A 2015 Swedish study published in the journal Sleep found that untreated sleep apnea doubles the risk of a car accident. And according to the National Transportation Safety Board, undiagnosed sleep apnea may have played a role in two commuter train accidents, one in Hoboken, New Jersey, in 2016 and another in Brooklyn, New York, in 2017, which, together , caused more than 200 injuries and one death.
In the long term, sleep apnea also puts a strain on the heart, increasing the risk of high blood pressure, arrhythmia, heart failure, and stroke.
“Patients sometimes ask if they could die from not receiving sleep apnea treatment. The short answer is ‘yes,’” says Dasgupta.
Whether your doctor has recommended you use CPAP or you’ve had problems with the treatment, here’s how to get the most out of this therapy.
How CPAP machines work
According to the American Academy of Sleep Medicine, there are currently approximately 5.9 million diagnosed cases of OSA among American adults. In people with this disorder, the muscles in the neck and throat relax during sleep, causing the soft tissue in the back of the throat to collapse, preventing air from reaching the airways. This causes a series of partial or complete pauses in breathing, sometimes hundreds of them each night.
CPAP, which sends enough air into the upper airways to keep them open, has been the cornerstone of treatment for moderate to severe OSA since the 1980s.
Prescription treatment has been shown to improve sleep quality, reduce daytime sleepiness, help normalize blood pressure, and alleviate other related health risks.
For example, a study published in 2018 in the Journal of the American Heart Association of more than 40,000 Danish adults with sleep apnea found that those not using CPAP had a 38% increased risk of heart failure than those who used it.
CPAP can not only be effective, but the machines are now easier to tolerate, quieter, and less bulky than older devices.
Many of the newer CPAPs allow you to start the night with a lower air pressure and gradually increase that pressure after you fall asleep. This can reduce the feeling that air is coming in through your nose or mouth.
Some CPAP units even automatically adjust to your breathing patterns, increasing or decreasing air pressure throughout the night as needed.
How to choose a CPAP machine
Finding a CPAP mask that is comfortable enough to allow you to sleep is essential. (You’ll also need to consider factors such as the severity of your OSA and the air pressure setting your doctor has recommended to keep your airways open during sleep.)
But this can take time.

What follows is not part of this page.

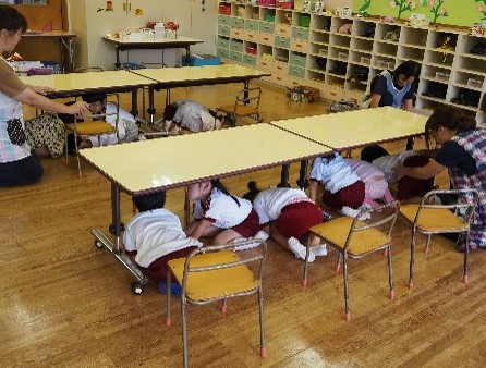 【コメント】 「まず低く、頭を守る、動かない」は、毎年の防災避難訓練のなかで基本動作として取り入れていたが、今回はじめて「シェイクアウト訓練」として実施した。子どもたちに避難場所や経路を日頃からなじませておく必要性などの気づきを得ることができた、とのコメントを園長から頂きました。 |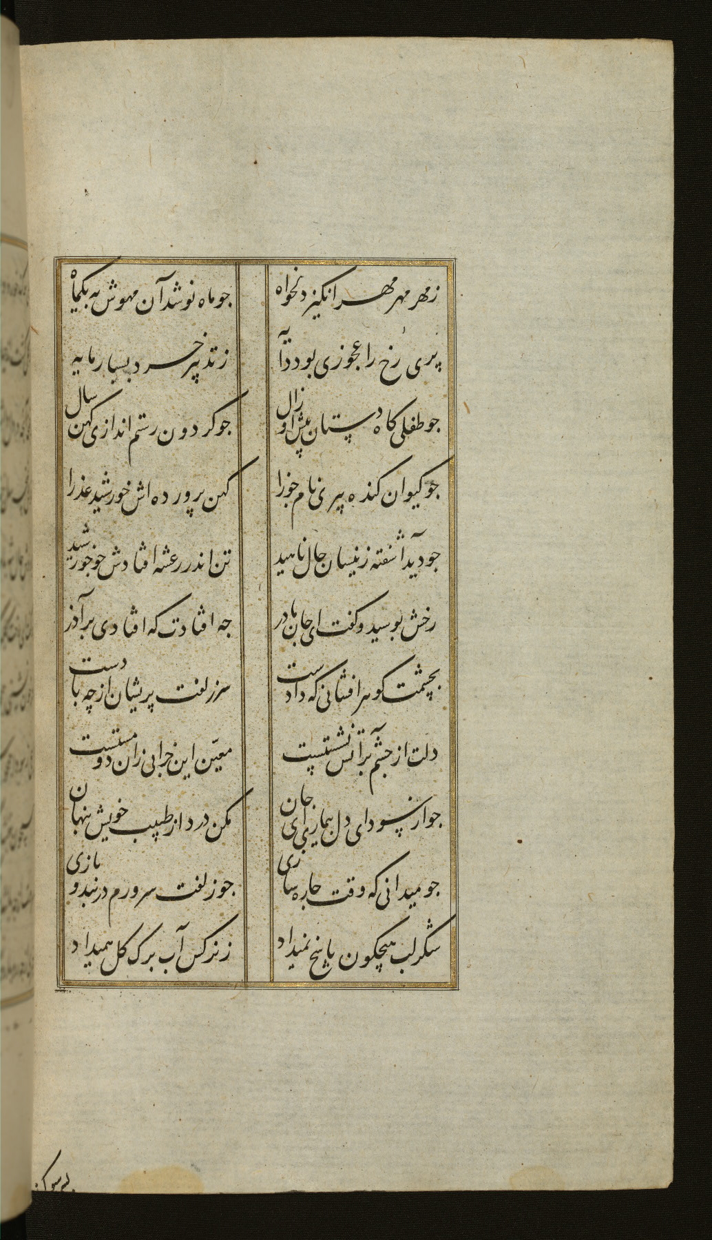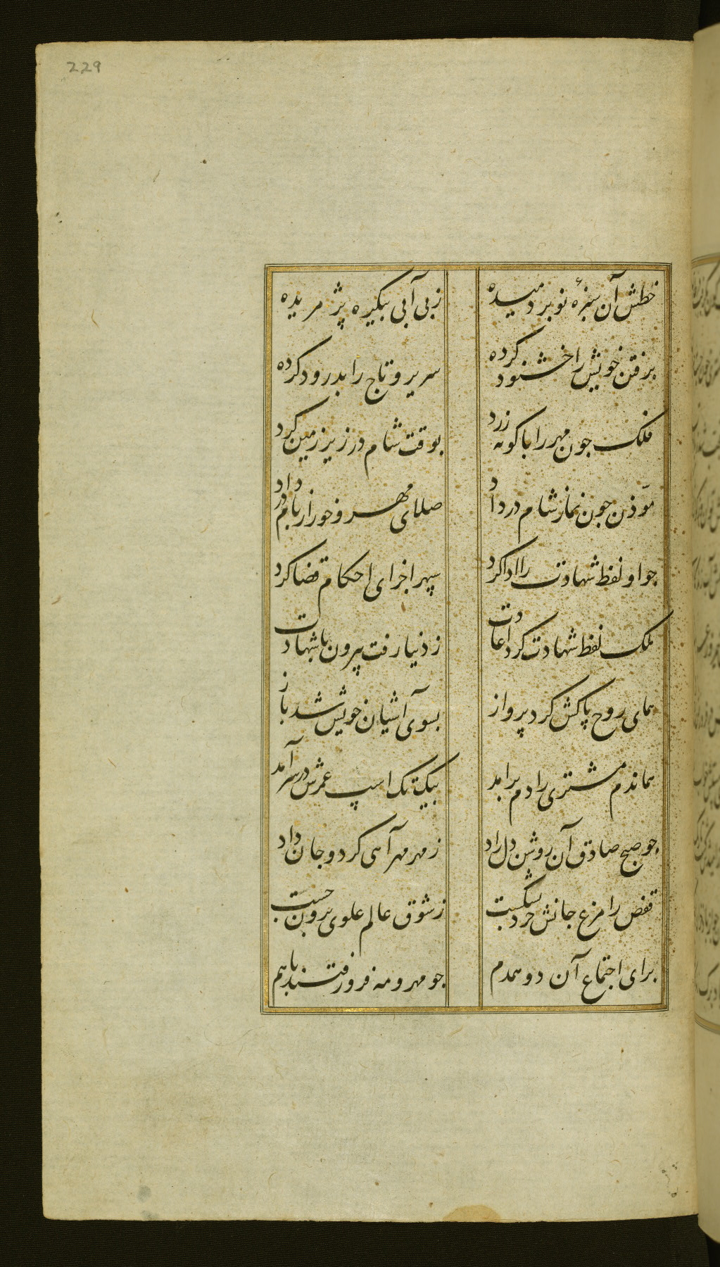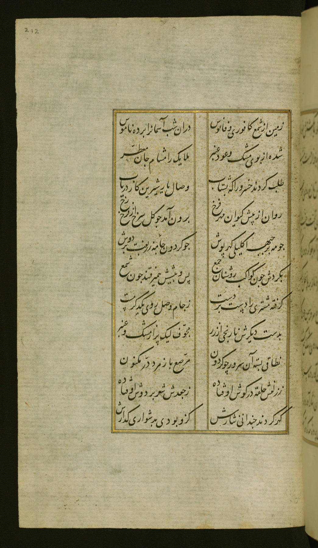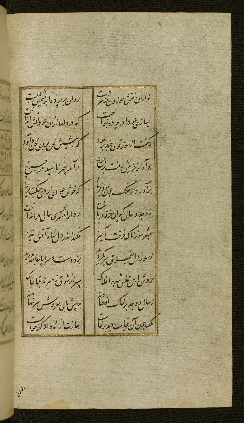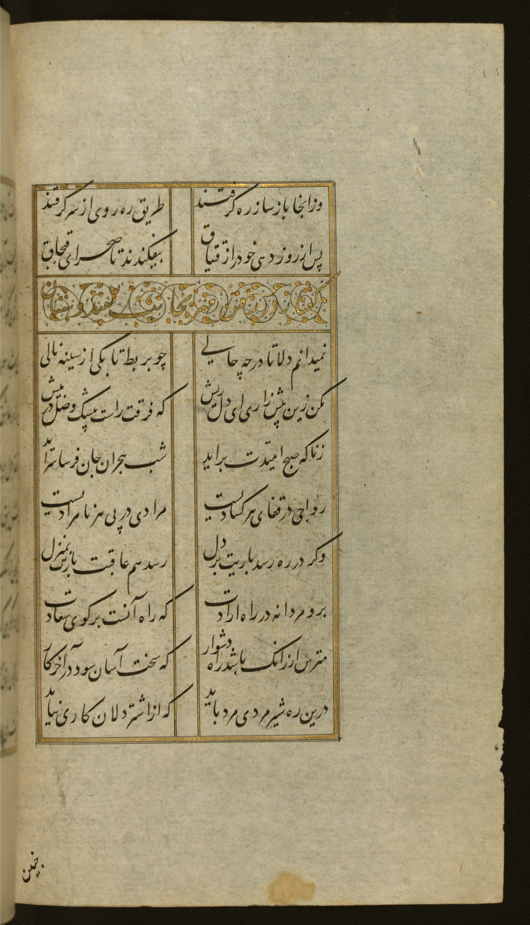 This manuscript is an illustrated copy of the well-known poem recounting the platonic love story between Mihr (the Sun), the son of Shāhpūr, and his vizier's son Mushtarī (Jupiter). The story of 90 chapters was composed by Muḥammad ibn Aḥmad ‘Aṣṣār Tabrīzī (d. 784 AH / 1382 CE). The present copy was written in nasta‘līq script by Murshid al-Kātib in 881 AH / 1476 CE. Considering the number of surviving manuscripts in which this calligrapher’s name is found, it seems he was particularly prolific. The present codex is illustrated with nine paintings. The gold-brushed leather binding with doublures of red leather decorated with filigree work is original to the manuscript.

According to Dr. Steven Feinsilver, a sleep medicine specialist at Lenox Hill Hospital in New York, even with these advances, using a CPAP machine can be awkward and uncomfortable. “Most people don’t end up sticking with the first device they try. Some people try two or three before finding the one that works best for them,” he says.
That was the case for Hb Alumisin, 33, of New York, who tried two masks before settling on a third option: nasal pillows (see below), for her mild sleep apnea.
“The masks were heavy and difficult to wear, but the pads are comfortable and less annoying,” he says.
When you adjust it (which can be done at home or at a sleep center), “try on the masks at the doctor-recommended air pressure settings you plan to use to see how it really feels when the machine is on,” advises Dasgupta
And make sure any device you’re considering fits tight enough to form a seal where it should, Dasgupta says, but not so tight that it leaves marks on your face.
There are three main types of CPAP masks available:
nose pads “Pillows” are small plastic plugs that are placed just below the nostrils and direct airflow into the nostrils. Nasal pillows are the smallest and lightest option and require minimal contact with the wearer’s face.
According to the American Academy of Sleep Technologists (AAST), the pads may work best for people who need a low to moderate air pressure setting and may be a good choice for people with a lot of hair. facial or feel claustrophobic when wearing a larger mask.
However, they can cause nasal irritation and discomfort, especially at high pressures, since air is drawn directly into the nostrils. Some users report nosebleeds or a dry nose. Mouth breathers may not get as much benefit from this type of mask because it applies pressurized air only to the nostrils.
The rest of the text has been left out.